§ **DATA SHOWN**
┄┄┄┄┄┄┄┄┄┄┄┄┄┄┄┄┄┄┄┄
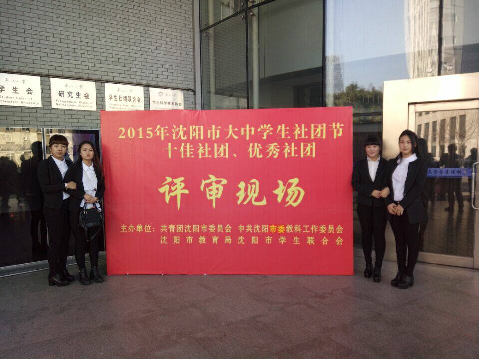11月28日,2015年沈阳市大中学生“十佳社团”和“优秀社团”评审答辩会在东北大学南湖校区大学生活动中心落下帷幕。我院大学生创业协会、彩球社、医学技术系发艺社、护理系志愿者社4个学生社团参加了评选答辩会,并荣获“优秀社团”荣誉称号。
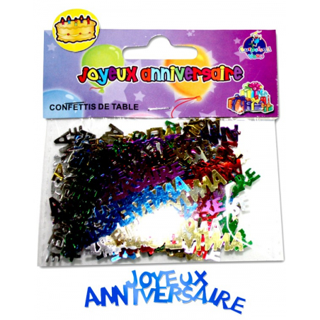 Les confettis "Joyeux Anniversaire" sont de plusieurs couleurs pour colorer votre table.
┄┄┄┄┄┄┄┄┄┄┄┄┄┄┄┄┄┄┄┄
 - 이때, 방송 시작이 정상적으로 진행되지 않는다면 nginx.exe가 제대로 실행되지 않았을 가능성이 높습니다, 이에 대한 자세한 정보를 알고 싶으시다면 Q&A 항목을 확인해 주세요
┄┄┄┄┄┄┄┄┄┄┄┄┄┄┄┄┄┄┄┄
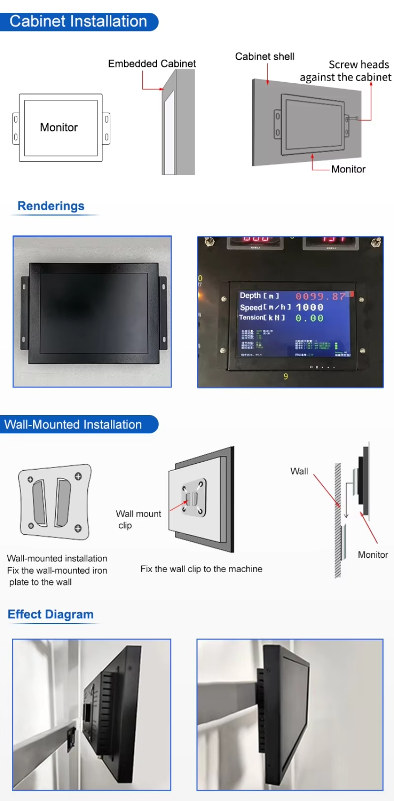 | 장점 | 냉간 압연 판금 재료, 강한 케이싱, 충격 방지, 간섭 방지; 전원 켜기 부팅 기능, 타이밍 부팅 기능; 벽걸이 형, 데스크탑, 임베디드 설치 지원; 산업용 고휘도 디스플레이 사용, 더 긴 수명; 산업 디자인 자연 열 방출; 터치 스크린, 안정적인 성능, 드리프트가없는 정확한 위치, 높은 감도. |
┄┄┄┄┄┄┄┄┄┄┄┄┄┄┄┄┄┄┄┄
§ **TASK DIRECTIONS**
Restate the lines above from the one containing "11月28日,2015年沈阳" through the one containing "colorer votre table.", inclusive, exactly and without pictures.

§ **WRITTEN RESPONSE**
11月28日,2015年沈阳市大中学生“十佳社团”和“优秀社团”评审答辩会在东北大学南湖校区大学生活动中心落下帷幕。我院大学生创业协会、彩球社、医学技术系发艺社、护理系志愿者社4个学生社团参加了评选答辩会,并荣获“优秀社团”荣誉称号。
 Les confettis "Joyeux Anniversaire" sont de plusieurs couleurs pour colorer votre table.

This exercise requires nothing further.